* **WHAT YOU SHOULD DO**
The reply to the records below should contain exactly the lines from the line with "管理员登录后可进行首页、首页" through the line with "Headband with Buttons", and nothing besides.

* **INPUT DATA**
____________

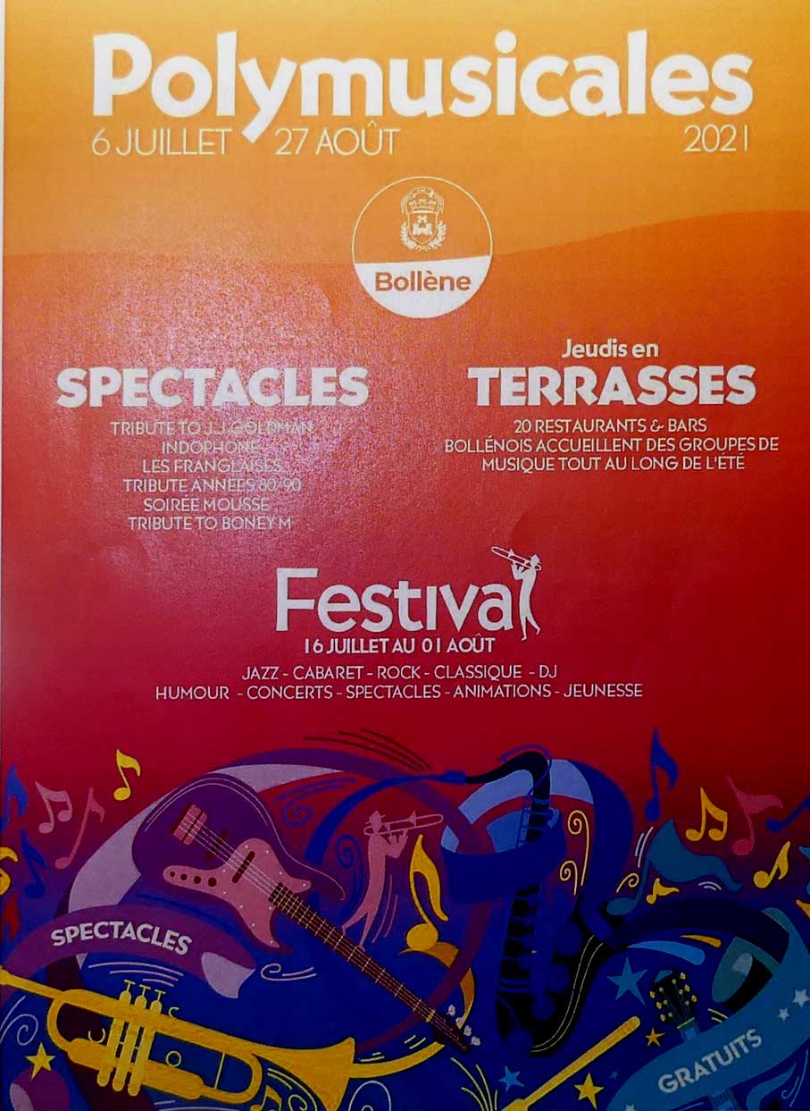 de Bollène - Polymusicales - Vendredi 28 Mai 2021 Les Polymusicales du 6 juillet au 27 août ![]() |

____________

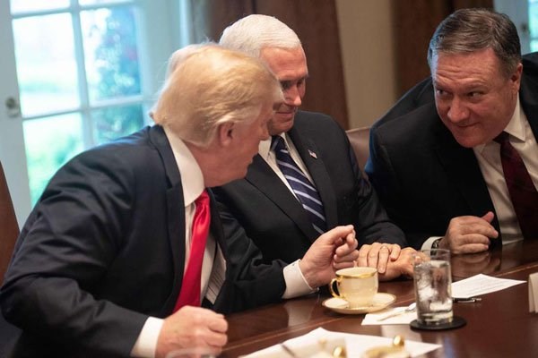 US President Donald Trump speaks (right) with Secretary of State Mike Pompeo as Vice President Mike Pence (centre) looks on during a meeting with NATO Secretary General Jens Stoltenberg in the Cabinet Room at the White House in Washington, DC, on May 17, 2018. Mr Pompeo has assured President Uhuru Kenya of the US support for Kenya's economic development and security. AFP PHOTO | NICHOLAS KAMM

____________

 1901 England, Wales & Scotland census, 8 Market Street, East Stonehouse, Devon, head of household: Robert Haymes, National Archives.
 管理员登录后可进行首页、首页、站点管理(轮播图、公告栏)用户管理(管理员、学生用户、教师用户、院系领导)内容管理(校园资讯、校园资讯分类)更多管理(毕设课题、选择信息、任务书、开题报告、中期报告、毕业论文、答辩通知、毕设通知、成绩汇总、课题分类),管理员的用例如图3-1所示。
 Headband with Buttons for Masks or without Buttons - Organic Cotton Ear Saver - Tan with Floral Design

____________

* **ANSWER TO THIS PROBLEM**
 管理员登录后可进行首页、首页、站点管理(轮播图、公告栏)用户管理(管理员、学生用户、教师用户、院系领导)内容管理(校园资讯、校园资讯分类)更多管理(毕设课题、选择信息、任务书、开题报告、中期报告、毕业论文、答辩通知、毕设通知、成绩汇总、课题分类),管理员的用例如图3-1所示。
 Headband with Buttons for Masks or without Buttons - Organic Cotton Ear Saver - Tan with Floral Design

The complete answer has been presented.